A vademecum book and 100,000 bamboo sticks at the back of the installation. The latest exhibition by artist Romina Rivero will close in two days, on February 7, 2026, at the Artizar Gallery in Tenerife. Far from seeking to provoke visitors, the space has become a sensory, olfactory, and tactile journey—a call to the ancestral legacy of natural medicine.
Opened last December, the exhibition "Decolonizing the Skin" by visual artist and physician Romina Rivero (Santa Cruz de Tenerife, 1982) questions modern medicine as a politically sanctioned instrument for indiscriminately operating on bodies. It examines bodies and societies accustomed to accepting the use of drugs as the sole mechanism for healing; feminized bodies with a history of colonialism and repression stretching from our ancestors to the present day.
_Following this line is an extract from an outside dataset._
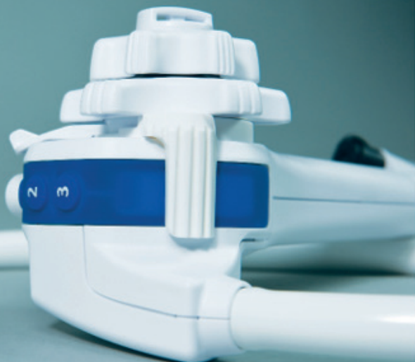
Die Albarran-Hebel-Steuerung bewegt den Albarran-Hebel auf- und abwärts..

In the exhibition, Rivero raises various questions surrounding legacies and their respective impacts. At the far end of the exhibition, the room materializes into an installation where red reigns supreme, driven by its instinct for conflict.
The installation Mujo, of impermanence , puts a vademecum book in confrontation with the strength of natural fibers, flowers and fragrances emitted by more than 100,000 incense sticks tied in small flower-shaped bunches, creating a red mantle that seems to dance and cover the room with beauty and dynamism while highlighting the power of nature as a legacy of transmission and memory. The use of red here takes on a particular dimension: an aesthetically Asian heritage refers to life, protection, and vital energy, establishing a symbolic bridge between Eastern traditions, ritual practices, and contemporary political discourses. 

The colonized territories, such as the Canary Islands, says the author Françoise Vergès, which form the most fruitful experimental laboratories for exploitation and control trials. The installation, from a sensory and exploratory perspective, seeks to propose a critical reading of modern medicine and its break with popular medicinal wisdom and botany.


Romina Rivero. Exhibition Decolonizing the Skin (2025-2026). Courtesy of Artizar Gallery
Decolonizing the Skin , open to the public during the gallery's business hours, invites us to rethink the body not as a machine to be repaired, but as a sensitive and wise ecosystem, as well as colonial memory and the possibilities for revaluing history. A body traversed by ancient knowledge and contemporary technologies, where healing is not a procedure, but a situated, slow, and profoundly human practice.